What is Deconvolute?
An overview of the Deconvolute SDK and its core architecture.
Deconvolute is an open source security SDK designed to protect your AI agents and Large Language Model pipelines. It operates as an Application Firewall for the Model Context Protocol (MCP) and provides a suite of content scanners for robust defense in depth.
The SDK is built around a clear separation of responsibilities to secure both your infrastructure and your data.
Infrastructure Protection (The MCP Firewall)
Traditional stateless scanners inspect individual text payloads but often miss infrastructure attacks where for example a compromised MCP server swaps a tool definition after discovery.
Deconvolute protects your mcp sessions using the mcp_guard() wrapper, which cryptographically seals MCP tool definitions to prevent tampering. It enforces policy-as-code with a Default Deny model, effectively preventing the following threats:
- Shadowing: Servers exposing undeclared tools or hiding malicious functionality.
- Rug Pulls: Servers changing a tool's definition between discovery and execution.
- Confused Deputy: Agents being tricked into calling restricted tools, mitigated by ensuring only approved tools from your policy can be invoked.

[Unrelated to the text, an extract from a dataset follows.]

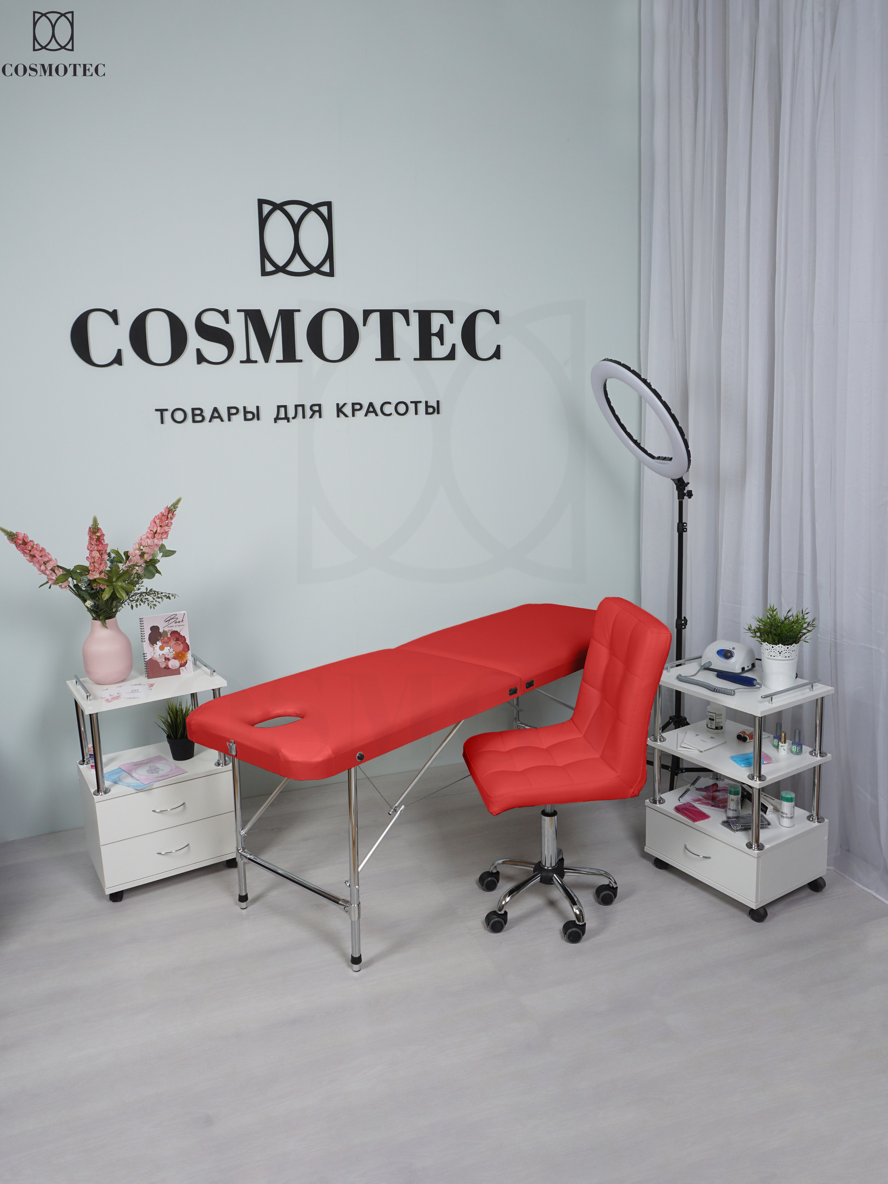 Массажный стол складной Cosmotec Мастер с отверстием для лица, 180х60, Красный

Data & Behavior Protection (Content Scanners)
To protect against adversarial content that flows through your system, Deconvolute provides complementary scanners:
scan(): Validates untrusted text before it enters your system (e.g. RAG documents, user input).llm_guard(): Wraps LLM clients to detect jailbreaks and policy violations in model outputs.- Direct Scanner Usage: Allows developers to implement custom security logic using built-in deterministic checks.